The link between excess intra-abdominal adiposity (IAA) and metabolic complications leading to type 2 diabetes and cardiovascular disease is well recognized. Blockade of endocannabinoid action at cannabinoid CB(1) receptors was shown to reduce these complications. Here, we investigated the relationship between IAA, circulating endocannabinoid levels and markers of cardiometabolic risk in male obese subjects.

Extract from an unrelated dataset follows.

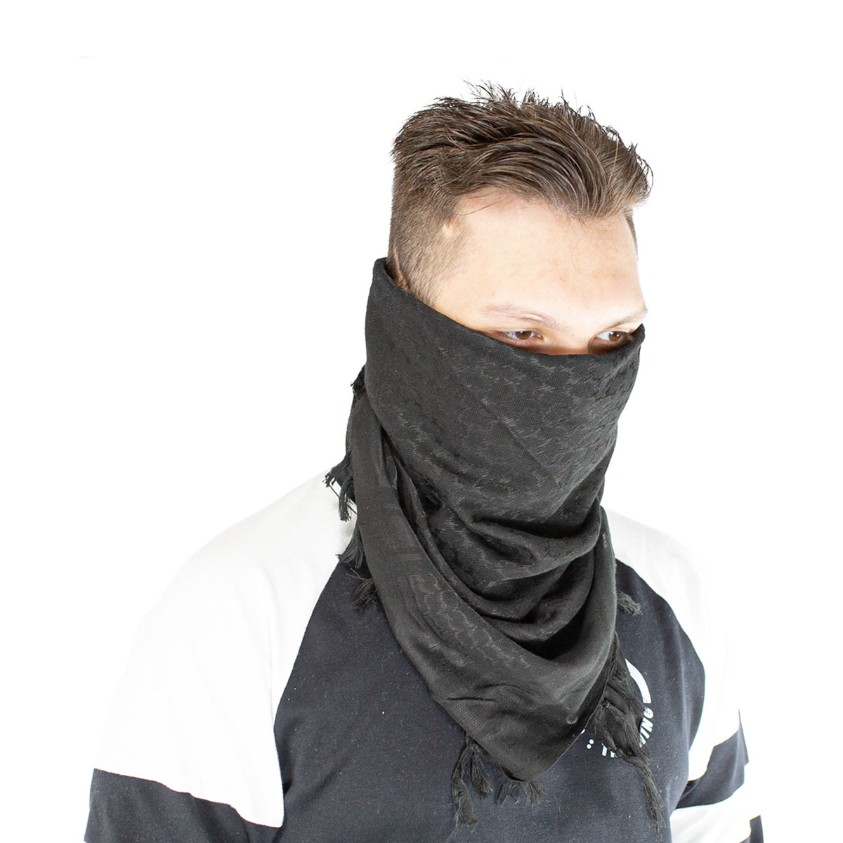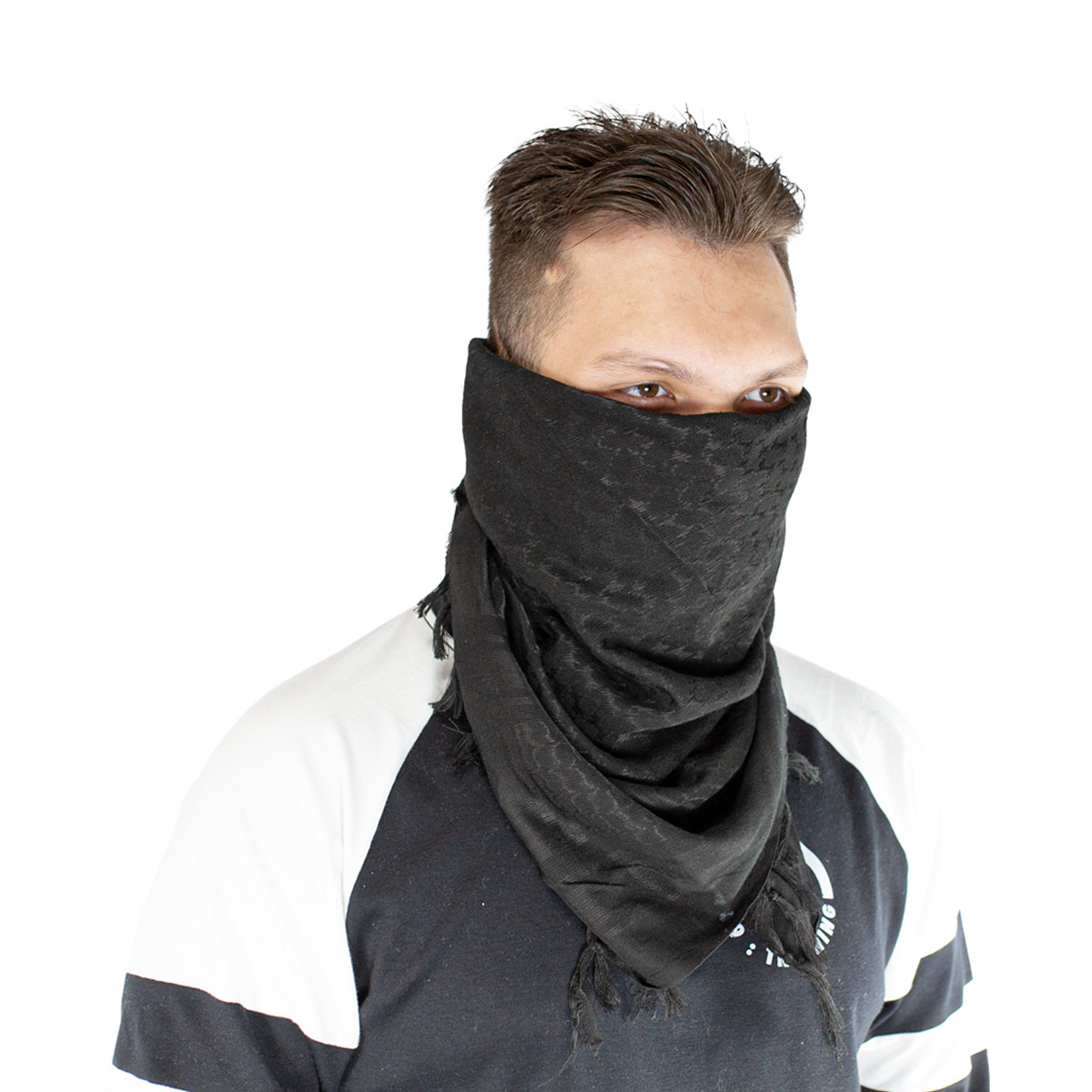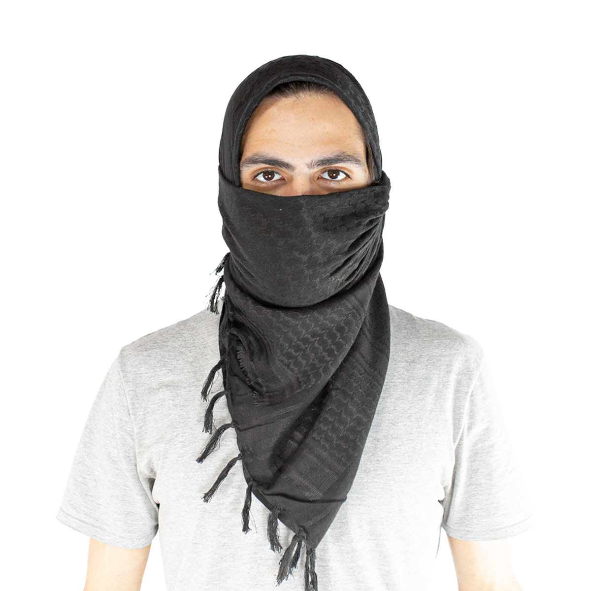 Lenço Shemagh na cor preta , fabricado em Poliéster e algodão o lenço shemagh pode ser usado como cachecol, mascara, bandana, echarpe entre outras utilidades, adquira agora o seu Shemag aqui na Loja da Carabina.

DESIGN, SUBJECTS AND MEASUREMENTS: Fasting plasma levels of the endocannabinoids, anandamide (AEA) and 2-arachidonoylglycerol (2-AG), were measured by liquid chromatography-mass spectrometry in a study sample of 62 untreated asymptomatic men with body mass index (BMI) from 18.7 to 35.2 kg/m(2).

RESULTS

Plasma 2-AG, but not AEA, levels correlated positively with BMI, waist girth, IAA measured by computed tomography, and fasting plasma triglyceride and insulin levels, and negatively with high-density lipoprotein cholesterol and adiponectin levels. Obese men with similar BMI values (> or =30 kg/m(2)) but who markedly differed in their amount of IAA (< vs > or = 130 cm(2), n=17) exhibited higher 2-AG levels in the presence of high IAA. No difference in 2-AG concentrations was observed between obese men with low levels of IAA vs nonobese controls.

CONCLUSIONS

These results provide evidence for a relationship in men between a key endocannabinoid, 2-AG, and cardiometabolic risk factors, including IAA.

摘要

目的

腹内脂肪过多(IAA)与导致2型糖尿病和心血管疾病的代谢并发症之间的联系已得到充分认识。研究表明,阻断大麻素CB(1)受体处的内源性大麻素作用可减少这些并发症。在此,我们研究了男性肥胖受试者中IAA、循环内源性大麻素水平与心脏代谢风险标志物之间的关系。

设计、受试者与测量方法:通过液相色谱-质谱法测量了62名未经治疗的无症状男性研究样本的空腹血浆内源性大麻素水平,这些男性的体重指数(BMI)在18.7至35.2 kg/m(2)之间,内源性大麻素包括花生四烯乙醇胺(AEA)和2-花生四烯酸甘油酯(2-AG)。

结果

血浆2-AG水平而非AEA水平与BMI、腰围、通过计算机断层扫描测量的IAA、空腹血浆甘油三酯和胰岛素水平呈正相关,与高密度脂蛋白胆固醇和脂联素水平呈负相关。BMI值相似(≥30 kg/m(2))但IAA量显著不同(< vs ≥130 cm(2),n = 17)的肥胖男性,在IAA水平高时2-AG水平更高。IAA水平低的肥胖男性与非肥胖对照组之间未观察到2-AG浓度差异。

结论

这些结果为男性体内关键内源性大麻素2-AG与包括IAA在内的心脏代谢风险因素之间的关系提供了证据。